Constant vigilance required
Road safety campaign Safe Speed has issued a statement condemning "the constant vigil on speed" that drivers must maintain. It said this attention is being misdirected by "a wholly unjustified obsession with one particular and rather insignificant factor, not for safety reasons but in order to comply with the law."
Paul Smith, founder of the campaign said: "We have been unable to identify any other law where simple compliance requires constant vigilance. This alone is a warning sign that speed limits are unlike other laws -- there's a risk that too much enforcement will remove attention from something more important. And of course that's exactly what's happening."

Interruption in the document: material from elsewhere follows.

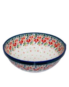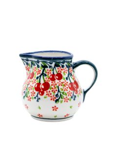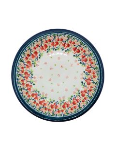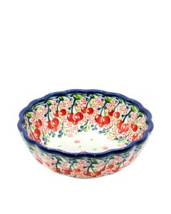 Dudnik-Chelalga's approach to decorative design emphasizes the natural beauty found in everyday fruits and flora. Her understanding of how decorative patterns interact with tableware forms ensures that the cherry motif enhances the food being served.

Smith said: "We get quite a few emails from people who have acquired nine licence points. They describe their driving experience as paranoid. We can't understand why anyone would be foolish enough to think that such paranoia makes good drivers. And it's just the same for all of us, only less so."
Last year, Safe Speed revealed that speeding is involved in under four per cent of all road crashes, and that number includes many behaviours far removed from normal responsible motoring. Examples include speeding drunks, speeding joyriders, and nutters racing on the highway.
Smith said: "Speed cameras are wasting precious driver attention and making the roads more dangerous. The DfT appears to be waking up to the facts. How much longer do we have to wait until the infernal devices are removed from our roads and drivers can end their needless vigil?"